Barton never accuses McClure threatening to hurt anyone. She never says he threatened to blow up her car. She just writes that he made her uncomfortable. McClure’s injury makes it hard for him to sit for long periods of time. McClure stood during meetings, leaned against walls and white-knuckled his pens in an effort to deal with the pain.
Since returning home, he’s needed frequent care at the Robert Dole VA. His old bosses made it a lot harder to get that care.
According to a flag on McClure’s patient records obtained by Popular Military, the wounded vet must notify the VA police whenever he arrives at the hospital. He’s to have a police escort at all times.
“Per Disruptive Behavior Committee,” the file reads. “Veteran is to check in with VA Police and have VA Police escort whenever on station. Please contact VA Police if on station without escort. Patient has made Terroristic Threats.”
VA officials placed this flag on McClure’s patient file a little after noon on April 17, just hours after it terminated him.
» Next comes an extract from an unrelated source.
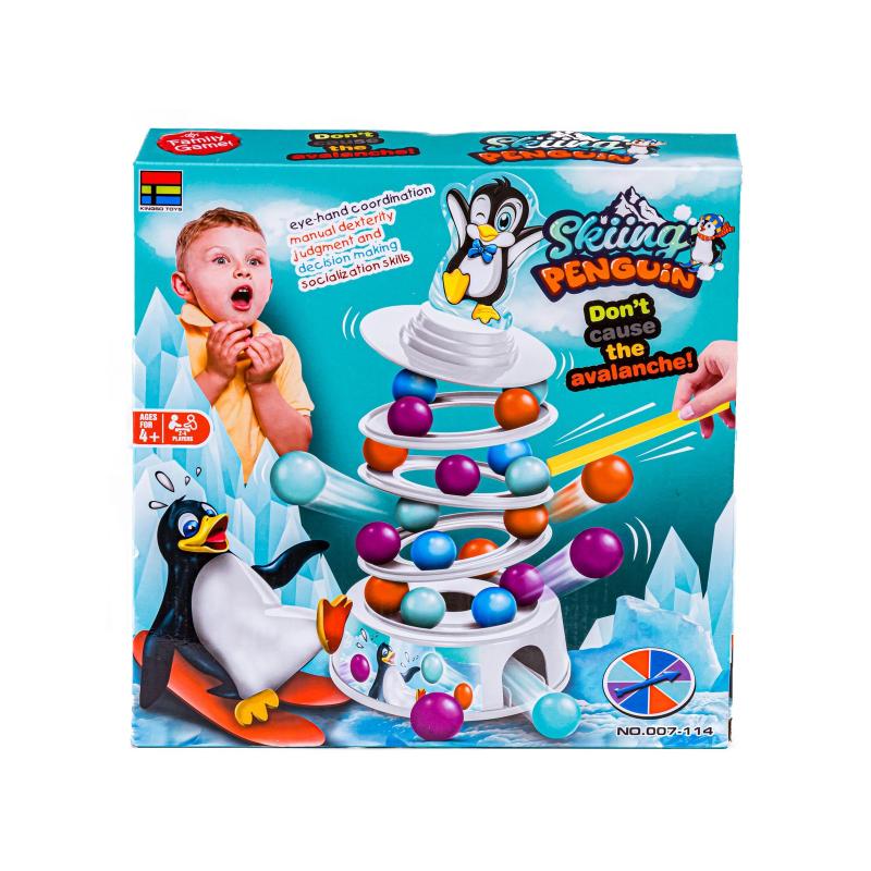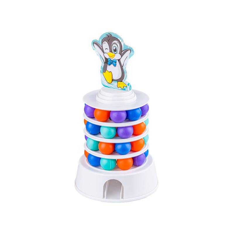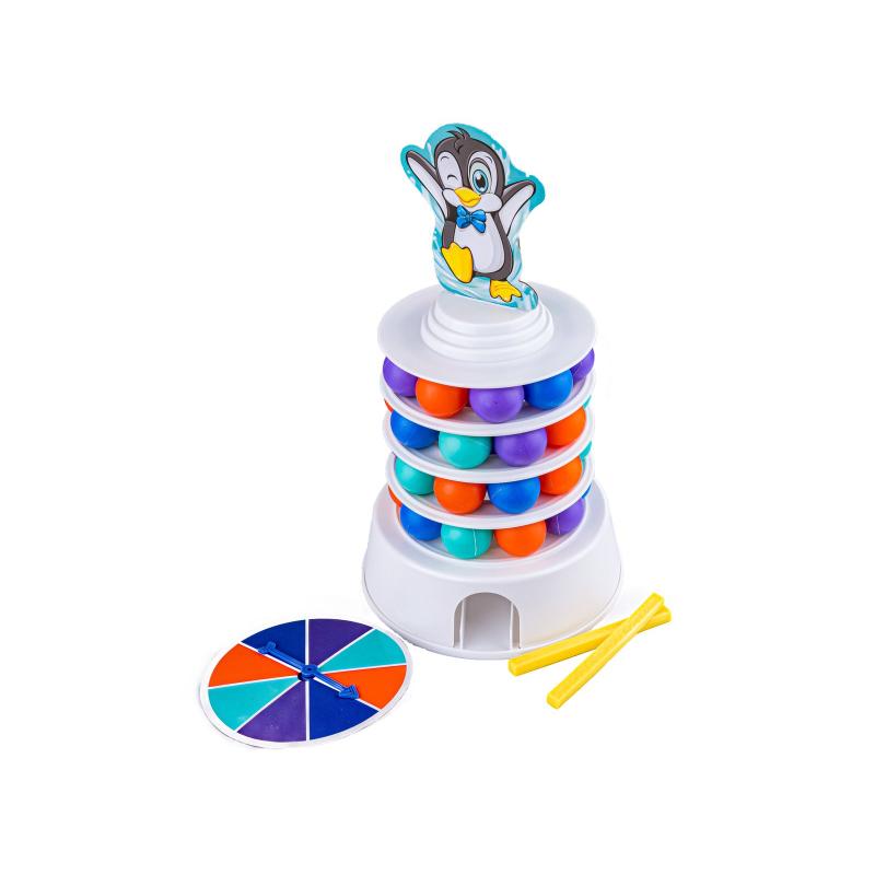 Po ustawieniu podstawy i ułożeniu kolejnych warstw „góry lodowej” rozstawia się piłeczki na platformach, a na szczycie umieszcza pingwinka. Gracze na zmianę losują kolor za pomocą tarczy i starają się za pomocą patyczków umieścić piłeczkę wewnątrz wieży — ruchoma konstrukcja wymusza delikatne, przemyślane ruchy. Gra rozwija zręczność manualną, spostrzegawczość i umiejętność przewidywania zachowania niestabilnej konstrukcji.

According to the VA’s own policy, placing a flag of this nature on an account requires a special meeting of a Disruptive Behavior Committee. According to the VA’s own paperwork, the committee can place such a serious flag on a patient’s record only after “completion of an evidFence-based, multidisciplinary, and multi-dimensional threat assessment, which considers static and dynamic violence risk factors present in the patient, violence risk mitigators, and violence risk factors associated with the setting where the incident occurred.”
“The facility must develop a systematic approach for collecting reports involving incidents of disruptive, threatening, or violent behavior,” the VA training document explains.
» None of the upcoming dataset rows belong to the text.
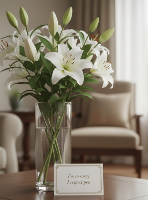 If the apology is serious, calm flowers like lilies or white roses can show deep respect and honesty. Also, think about colour. Soft colours like pink, white, or light purple usually feel gentle and sincere. Very bright or romantic colours may not always fit every apology.
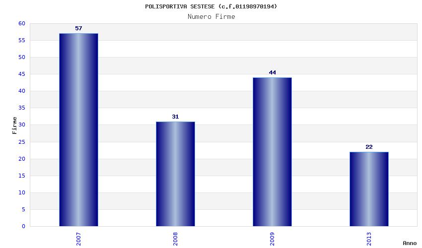 | Anno | Firme | Importi | Media | Naz. | Reg. | Prov. | Comu. |
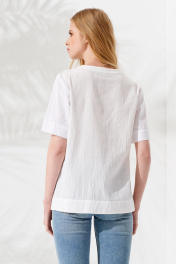 Белая хлопковая блуза с вышивкой и асимметричным силуэтом Панда 91340w белый - фото 3
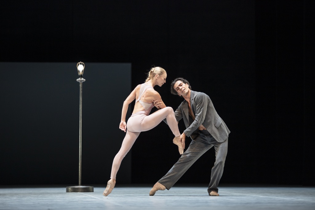 Представление начинается, как это часто бывает у гамбургского балетмейстера, без музыкального сопровождения. На сцене появляются призраки Маргариты (Анна Лаудере) и Армана (Эдвин Ревазов) из балета Ноймайера «Дама с камелиями».
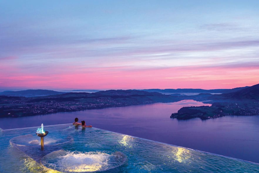 Diesen Vibe hat das Hotel: Was für eine Parallelwelt! Wer sich komplett aus dem Weltgeschehen ausklinken will, ist auf Planet "Bürgenstock" richtig. Die Newslage, die Uhrzeit, das eigentliche Leben – all das spielt keine Rolle mehr, sobald man hier eingecheckt hat.
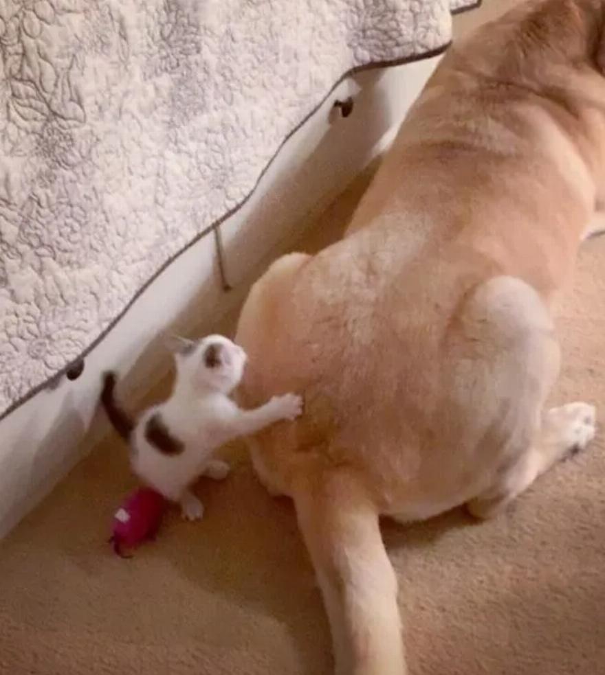 Το γατάκι νομίζει ότι είναι σκύλος.
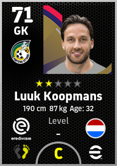 . Luuk Koopmans is a Goalkeeper footballer from Netherlands who plays for Fortuna Sittard in eFootball 2026.
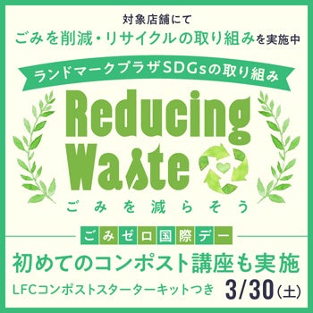 昨年の国連総会において、毎年3月30日は「ごみゼロ国際デー(International Day of Zero Waste)」と制定されました。ランドマークプラザではSDGsプロジェクトとして、「Reducing waste」をテーマにごみ削減への取り組み強化を行います。

According to Pope’s testimony, Vazquez had no formal reports of McClure’s behavior on April 16. Someone flagged his patient records just hours after his termination, the same day an employee registered the first formal complaint against him. It doesn’t sound as if McClure’s case was subject to an evidence, report based assessment.
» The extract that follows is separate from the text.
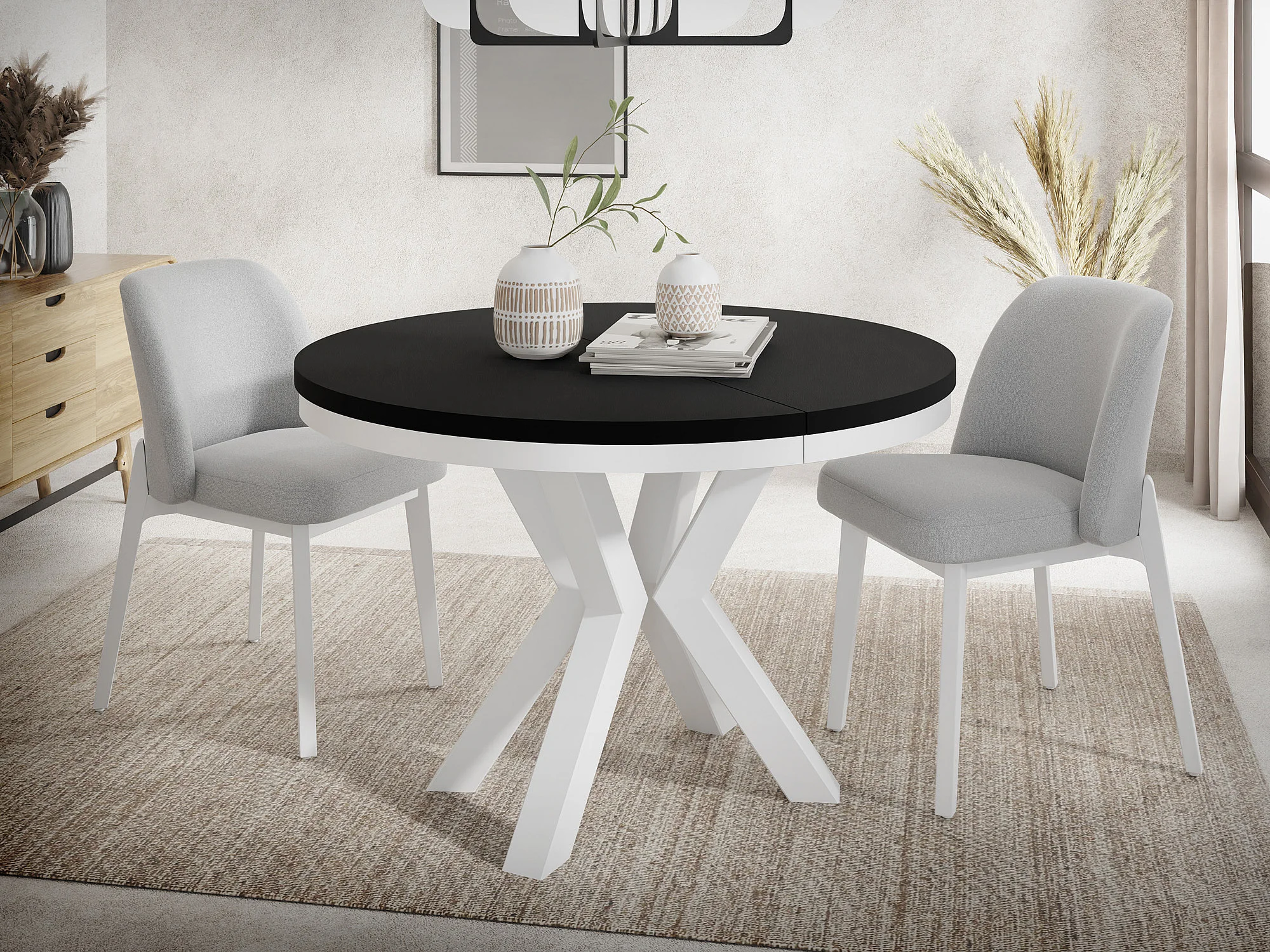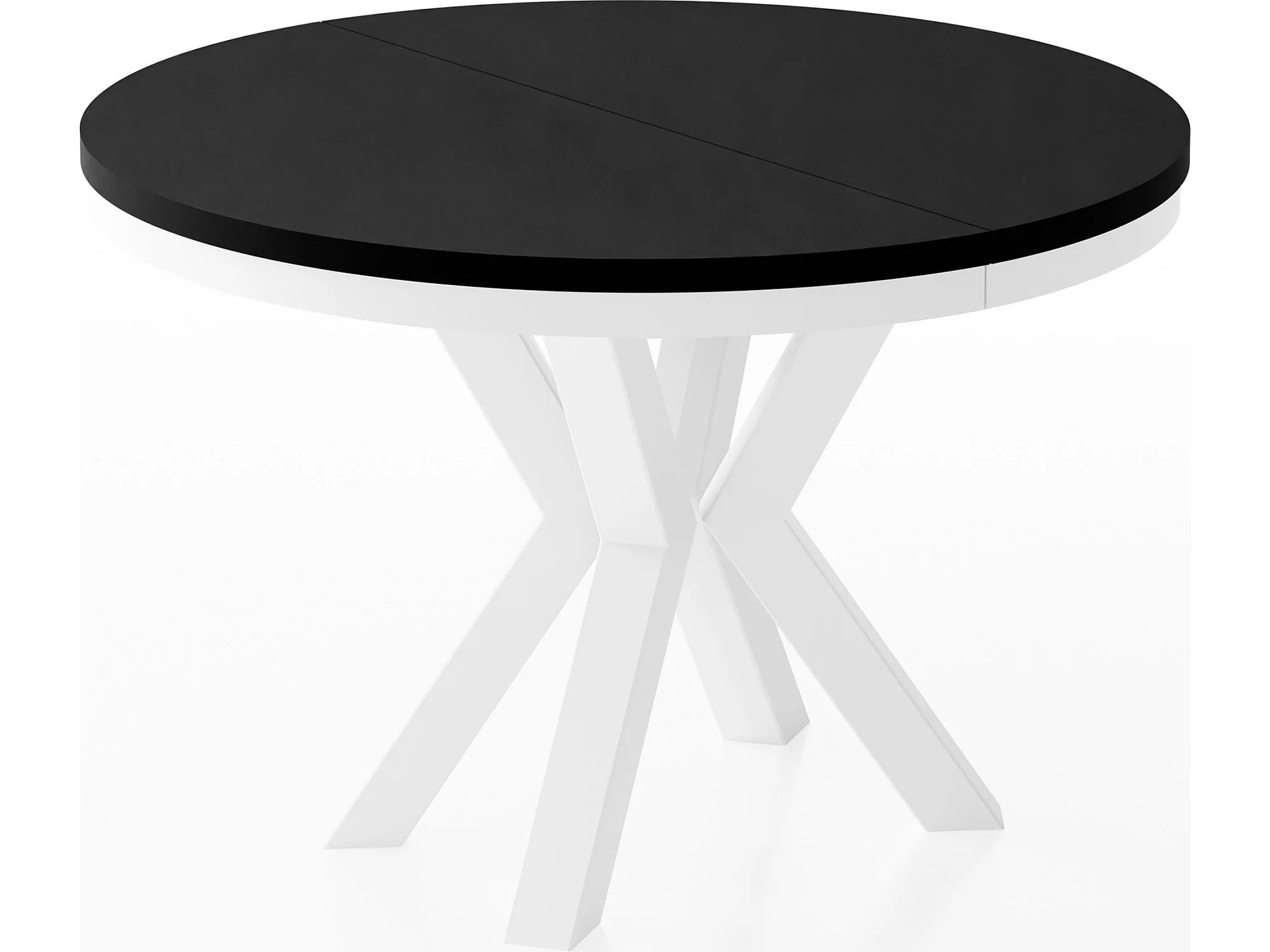 Table à Manger Ronde Extensible Style Loft - Table avec Pieds Métalliques Blancs - Table Gain de Place pour Salon - Noir - 120 à 200 cm

More damning is the hospital’s response to a FOIA request sent asking for “Any and all evidence that was shared to the VA Police, in regards to Nathaniel R.McClure … all emails and documents that were shared with the ‘Disruptive Behavior Committee’ in the regards of Nathaniel R. McClure … any information or security concerns that were shared between the VA Police and Federal Protective Services in the regards of Nathaniel R. McClure.”
VA director Vazquez signed the response to the FOIA request himself. “After conducting a reasonable search,” it reads “We have concluded that the Robert J. Dole VA Medical Center does not have records responsive to your request.”
Meaning no such records exist. There’s no emails or documents shared with the Disruptive Behavior Committee, no lengthy investigation into the McClure’s supposed threats and no just cause for his termination.
Based on the available evidence, it seems as if the Robert Dole VA fired McClure then created a paper trail after the fact to back up the decision.